▸ **Work task**: Lines outside the range are not wanted. Give again exactly the lines between the line holding "2017 Toyota Hi-Lux" and the line holding "Midnight Sun Reblooming Weigela foliage", inclusive, from the listing below.

▸ **Dataset records**:
----

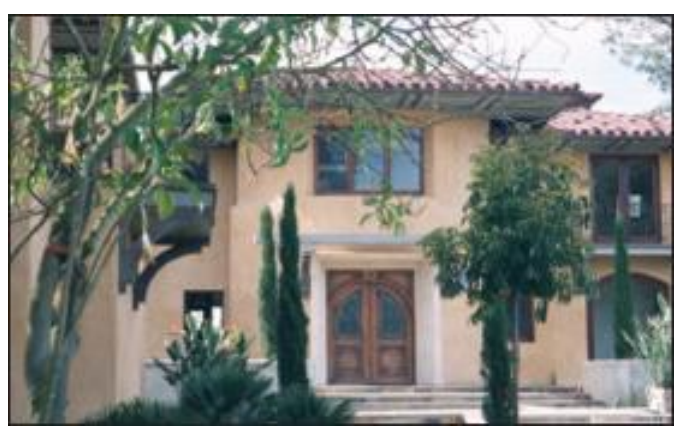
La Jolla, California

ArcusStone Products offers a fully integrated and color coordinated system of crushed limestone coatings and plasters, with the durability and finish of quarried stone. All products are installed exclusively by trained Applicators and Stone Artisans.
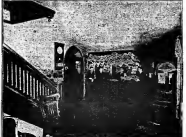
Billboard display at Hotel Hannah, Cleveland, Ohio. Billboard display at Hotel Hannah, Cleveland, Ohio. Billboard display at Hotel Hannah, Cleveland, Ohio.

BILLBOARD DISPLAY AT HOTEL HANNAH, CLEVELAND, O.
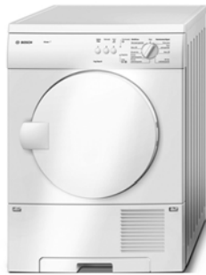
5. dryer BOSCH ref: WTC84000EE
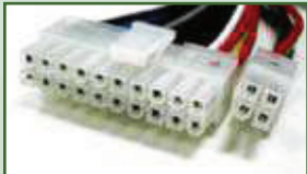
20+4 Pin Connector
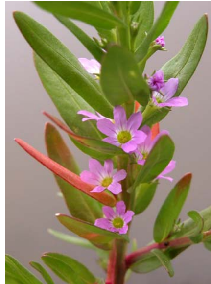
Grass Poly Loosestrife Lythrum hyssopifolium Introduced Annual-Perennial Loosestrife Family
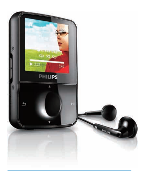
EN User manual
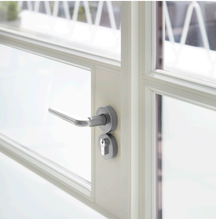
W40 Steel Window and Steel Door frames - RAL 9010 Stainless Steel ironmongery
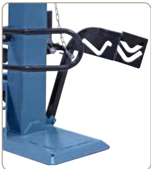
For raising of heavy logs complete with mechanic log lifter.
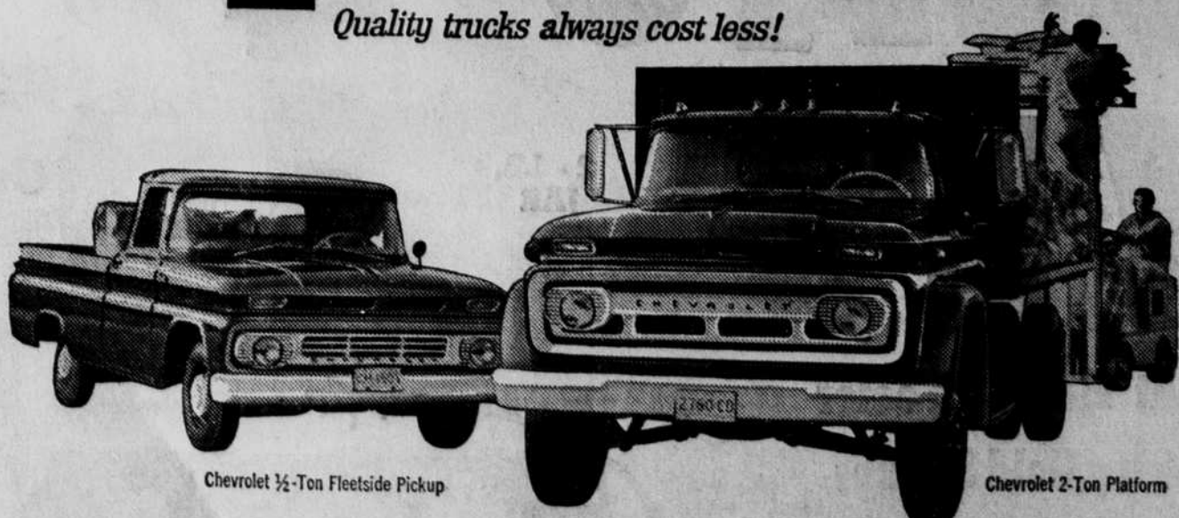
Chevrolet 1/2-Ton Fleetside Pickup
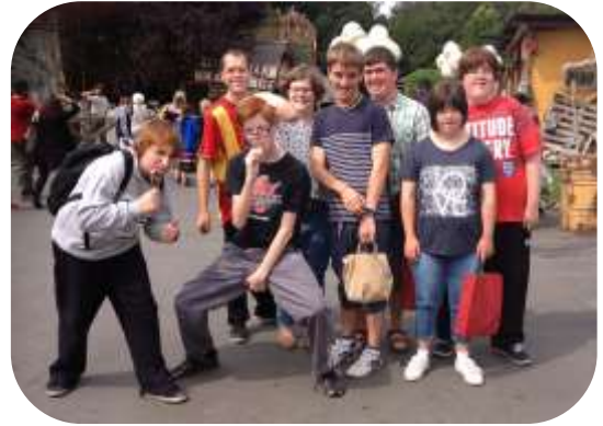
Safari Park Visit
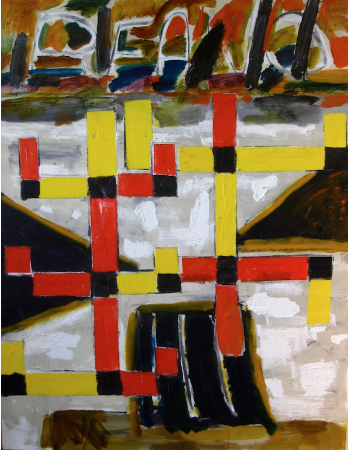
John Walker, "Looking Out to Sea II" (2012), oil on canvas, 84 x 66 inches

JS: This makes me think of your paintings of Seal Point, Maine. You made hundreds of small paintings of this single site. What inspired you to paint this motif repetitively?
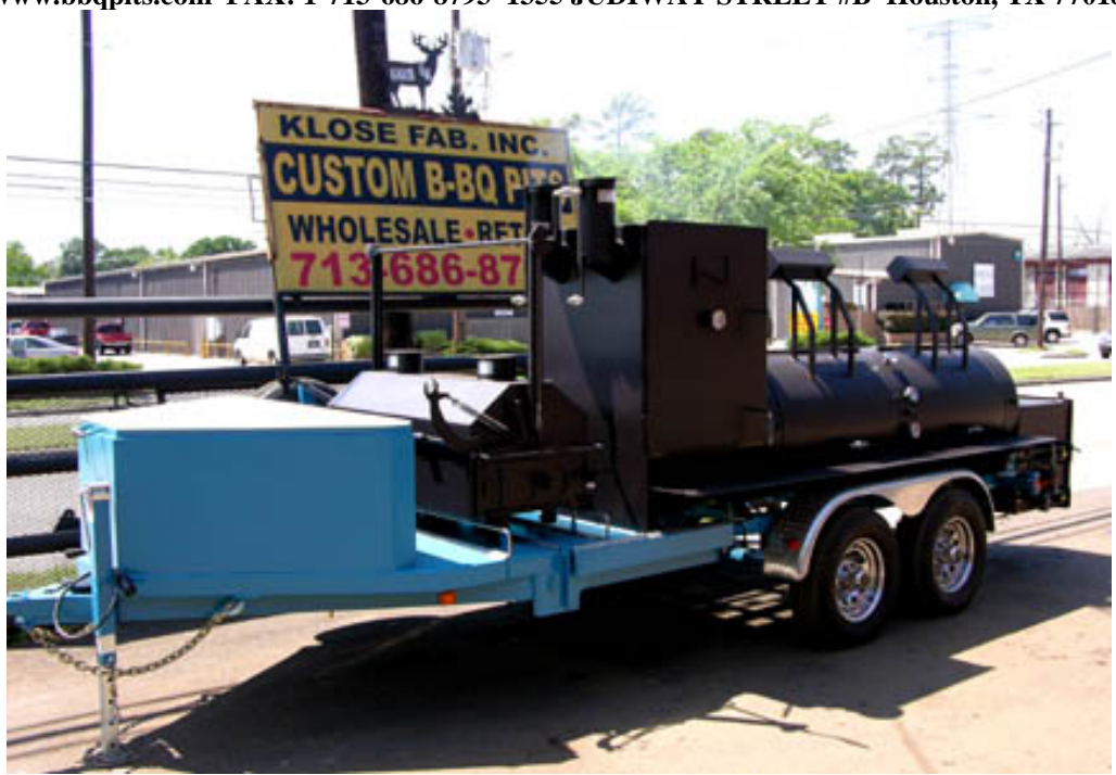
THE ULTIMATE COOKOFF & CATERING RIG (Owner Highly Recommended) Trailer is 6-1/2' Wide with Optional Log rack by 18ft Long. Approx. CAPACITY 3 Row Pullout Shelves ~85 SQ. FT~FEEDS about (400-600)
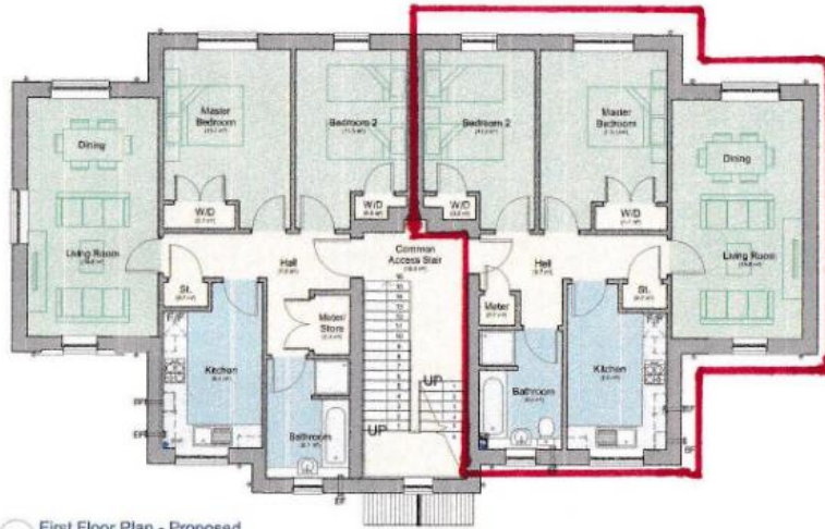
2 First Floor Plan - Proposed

----

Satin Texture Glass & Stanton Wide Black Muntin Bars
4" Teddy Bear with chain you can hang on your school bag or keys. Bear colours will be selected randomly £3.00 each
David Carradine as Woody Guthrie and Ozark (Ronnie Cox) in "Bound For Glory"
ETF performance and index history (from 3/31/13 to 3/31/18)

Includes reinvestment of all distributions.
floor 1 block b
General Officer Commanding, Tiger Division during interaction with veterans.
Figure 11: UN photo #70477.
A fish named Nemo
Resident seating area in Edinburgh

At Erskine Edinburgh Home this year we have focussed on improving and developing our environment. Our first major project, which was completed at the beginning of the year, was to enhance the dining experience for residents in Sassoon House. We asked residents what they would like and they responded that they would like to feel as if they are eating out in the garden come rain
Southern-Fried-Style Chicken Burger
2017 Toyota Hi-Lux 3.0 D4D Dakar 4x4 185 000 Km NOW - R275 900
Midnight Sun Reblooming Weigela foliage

----

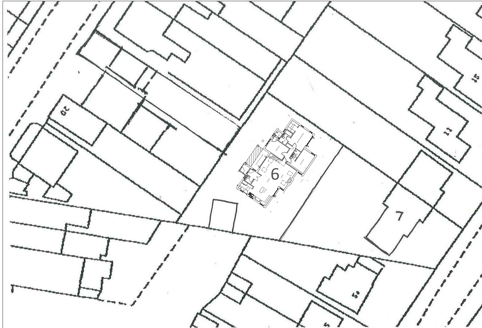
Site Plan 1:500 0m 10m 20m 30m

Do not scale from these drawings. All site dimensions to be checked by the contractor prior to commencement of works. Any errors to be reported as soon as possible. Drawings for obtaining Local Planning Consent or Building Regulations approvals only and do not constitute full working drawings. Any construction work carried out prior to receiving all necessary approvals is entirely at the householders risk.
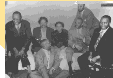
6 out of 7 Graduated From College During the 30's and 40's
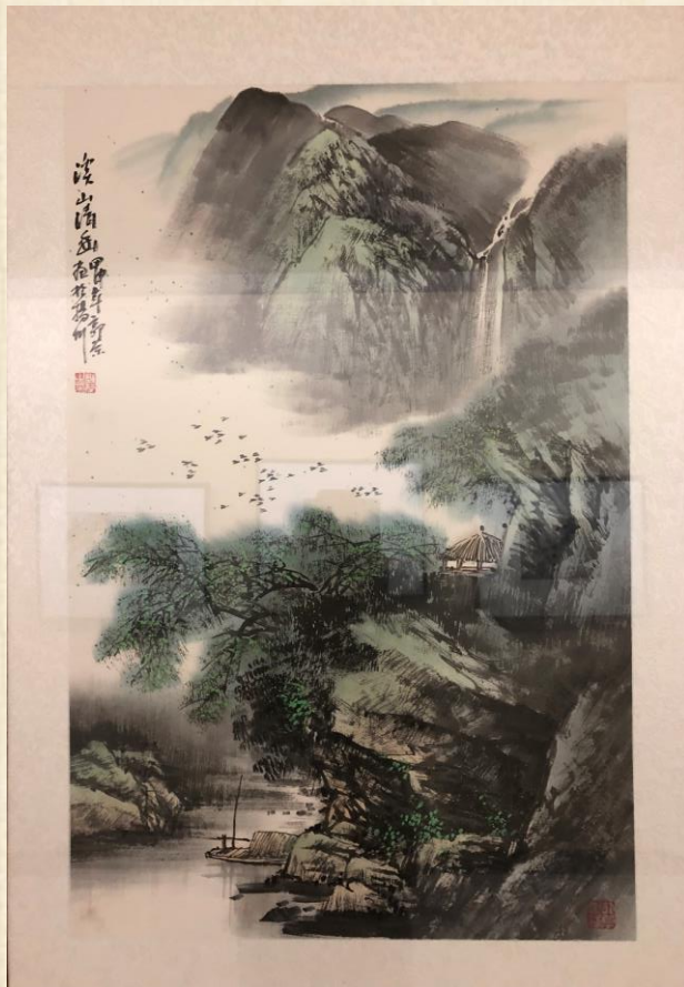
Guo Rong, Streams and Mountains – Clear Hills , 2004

----

▸ **Written solution**:
2017 Toyota Hi-Lux 3.0 D4D Dakar 4x4 185 000 Km NOW - R275 900
Midnight Sun Reblooming Weigela foliage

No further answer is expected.